This work addresses the challenges of key exchange in satellite communications, where onboard resources are constrained, propagation delays are high, and conventional protocols remain vulnerable to quantum attacks. To tackle these issues, the paper proposes a satellite-optimized variant of the Internet Key Exchange (IKE) protocol that integrates lightweight design principles with post-quantum cryptographic algorithms, enabling hybrid deployment of classical and post-quantum cryptography. The proposed scheme maintains low computational overhead and minimal bandwidth consumption while effectively mitigating “harvest now, decrypt later” attacks. Experimental evaluations demonstrate that the protocol achieves strong performance on resource-constrained terminals alongside robust quantum-safe security, offering a practical pathway for transitioning satellite communication systems into the post-quantum era.

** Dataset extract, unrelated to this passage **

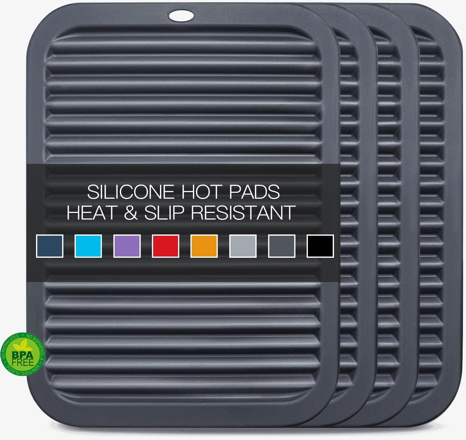 - 🍳Silicone Heat Resistant Mat: The 4 pack dark grey silicone trivets for kitchen heat resistance are -104℉ to 446℉. Safe to use for microwave, air fryer, oven, toaster, or freezer. Perfect protecting granite countertops, wooden tables, and glass tables from heat damage, scratches, stains, etc. Extend the life of the tabletop.

This paper studies cryptographic key exchange in satellite communications, which requires specific solutions because the satellite context presents unique challenges, particularly concerning onboard resource constraints and long transmission latency. We address these challenges by considering the Internet Key Exchange (IKE) protocol, which is widely used in terrestrial networks, and studying its applicability in the satellite context. This requires addressing two main issues: i) its efficiency in terms of the resources and bandwidth required to adapt to satellite terminals, and ii) its resistance even to attackers equipped with a quantum computer, in order to resist obsolescence and defend against harvest-now-decrypt-later attacks. We study these aspects from both a design and experimental point of view, defining and assessing some protocol variants characterized by low complexity and quantum resistance. To address the need to manage the transition from classic cryptographic primitives to post-quantum ones, we also consider the possibility of using hybrid cryptographic solutions that combine them both.